#### Data provided ####

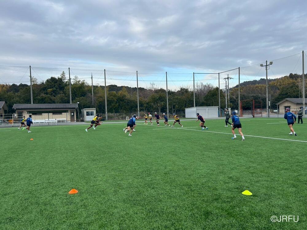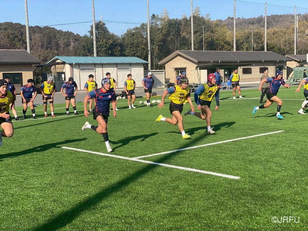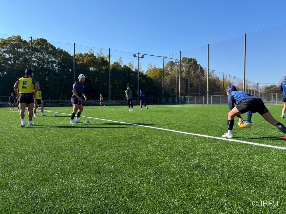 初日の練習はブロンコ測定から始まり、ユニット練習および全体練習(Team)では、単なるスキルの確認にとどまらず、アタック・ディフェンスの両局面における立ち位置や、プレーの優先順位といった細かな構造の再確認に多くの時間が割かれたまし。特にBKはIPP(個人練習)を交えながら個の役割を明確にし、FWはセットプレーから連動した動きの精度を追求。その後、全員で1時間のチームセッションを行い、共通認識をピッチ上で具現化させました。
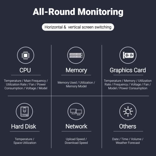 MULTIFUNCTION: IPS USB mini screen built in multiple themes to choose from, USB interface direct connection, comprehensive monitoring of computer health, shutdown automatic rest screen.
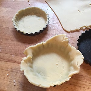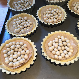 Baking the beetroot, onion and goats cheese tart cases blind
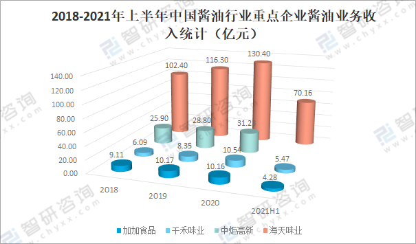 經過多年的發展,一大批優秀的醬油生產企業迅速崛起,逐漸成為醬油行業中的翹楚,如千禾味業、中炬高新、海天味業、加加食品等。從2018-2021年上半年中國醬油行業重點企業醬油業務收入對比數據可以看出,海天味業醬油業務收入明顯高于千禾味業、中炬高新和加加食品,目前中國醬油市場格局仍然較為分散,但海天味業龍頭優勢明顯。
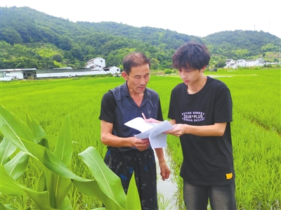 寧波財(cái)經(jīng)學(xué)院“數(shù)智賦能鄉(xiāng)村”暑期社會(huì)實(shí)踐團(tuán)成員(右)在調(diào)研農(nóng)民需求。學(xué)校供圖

####

Once the line containing "MULTIFUNCTION: IPS USB" has been copied, stop; everything from the first line of the data up to it must be copied exactly, without pictures.

 初日の練習はブロンコ測定から始まり、ユニット練習および全体練習(Team)では、単なるスキルの確認にとどまらず、アタック・ディフェンスの両局面における立ち位置や、プレーの優先順位といった細かな構造の再確認に多くの時間が割かれたまし。特にBKはIPP(個人練習)を交えながら個の役割を明確にし、FWはセットプレーから連動した動きの精度を追求。その後、全員で1時間のチームセッションを行い、共通認識をピッチ上で具現化させました。
 MULTIFUNCTION: IPS USB mini screen built in multiple themes to choose from, USB interface direct connection, comprehensive monitoring of computer health, shutdown automatic rest screen.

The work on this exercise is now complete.